Through Bosnia and Herzegovina with a Paint Brush

Part 1

Chapter 14,236 wordsPublic domain

THROUGH BOSNIA AND HERZEGOVINA WITH A PAINT BRUSH.

PRINTED AND PUBLISHED BY WILLIAM DRESSER AND SONS, DARLINGTON.

Through Bosnia and Herzegovina With a Paint Brush.

BY MRS. E. R. WHITWELL,

Author of “SPAIN AS WE FOUND IT,” and “THROUGH CORSICA WITH A PAINT BRUSH.”

DARLINGTON: WILLIAM DRESSER AND SONS,

LONDON: SIMPKIN MARSHALL, HAMILTON, KENT AND CO., LD.

Preface.

The following sketches and notes were originally intended as personal reminiscences of a very interesting and enjoyable holiday spent in a country somewhat out of the beaten track.

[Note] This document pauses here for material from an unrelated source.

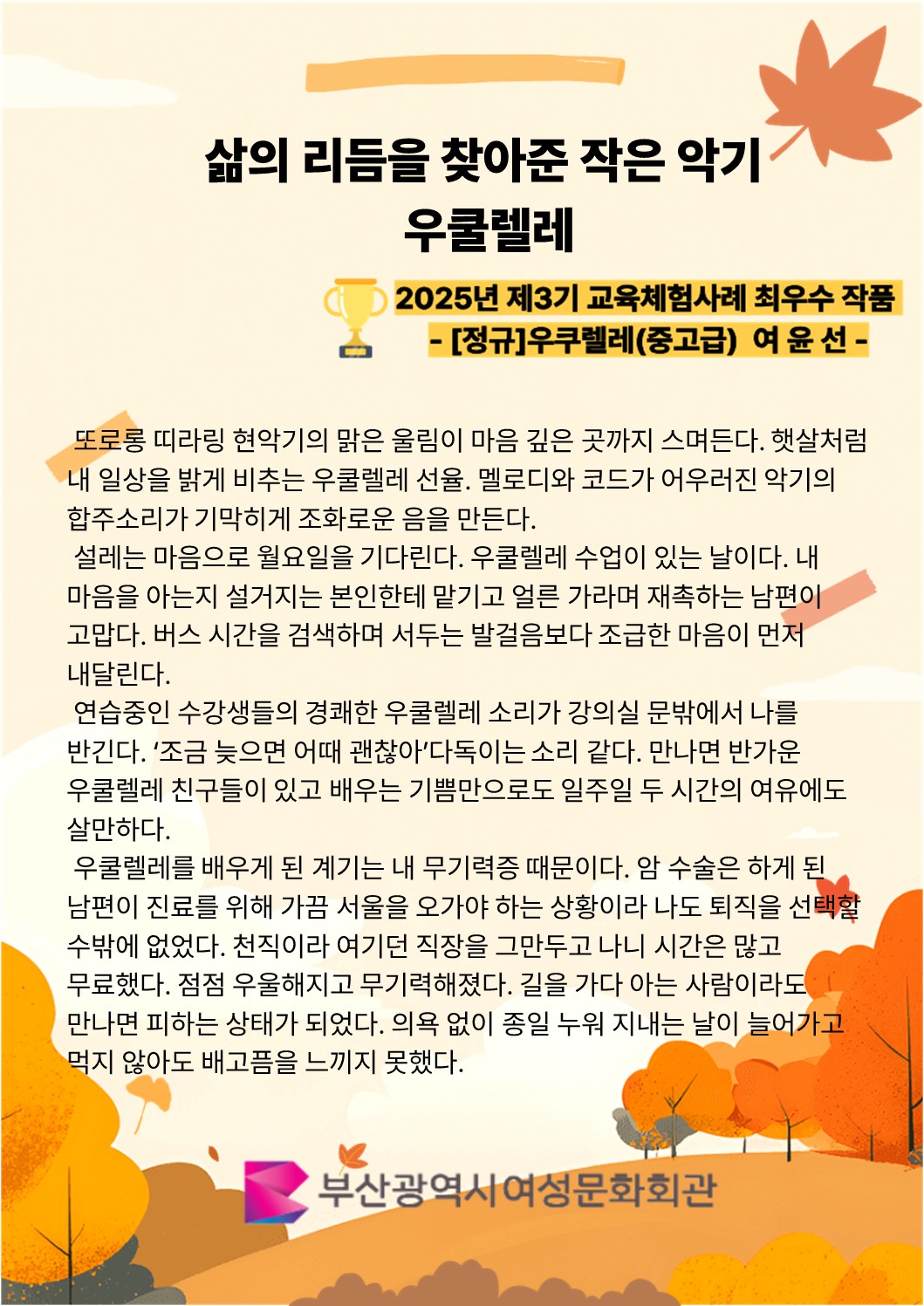 2025년 제3기 문화교실 교육체험사례 우수작 소개(최우수)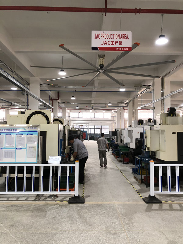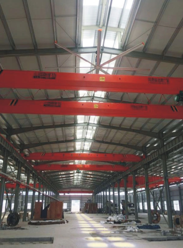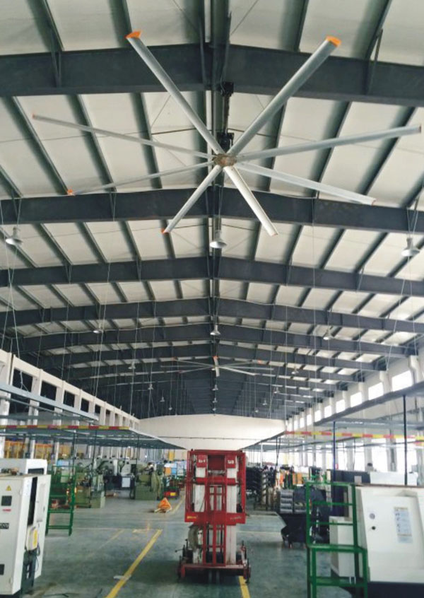 我公司生產的大型工業吊扇直接懸掛在廠房屋梁下,風力柔和,能加快車間空氣流通,有效降低車間內溫度,改善車間空氣環(huán)境質量,有利于員工的身體健康。

But changes forecasted by the authoress having become actual fact, and the countries described assuming a prominent feature of recent international concern, it is hoped that the production of this little volume will prove of such interest as warrants its publication beyond the circle originally intended.

THE FRIARAGE, YARM-ON-TEES, _January, 1909_.

List of Illustrations.

FACING PAGE

A Street in Saràjevo Frontispiece

Evening—Abbazia 4

After a Storm—Abbazia 8

The Porta Marina, Sebenico 16

The Cathedral Porch, Traù 24

A Street in Ragusa 28

Montenegro 32

Cettinje 36

The Market Place, Cettinje 38

The Fontana Onofrio, Ragusa 40

The Old Bridge, Mostar 50

The Source of the Buna, near Mostar 58

A Street in Saràjevo 60

Turkish Shops, Saràjevo 64

The Market Place, Saràjevo 68

Jaice 72

Through BOSNIA & HERZEGOVINA with a Paint Brush.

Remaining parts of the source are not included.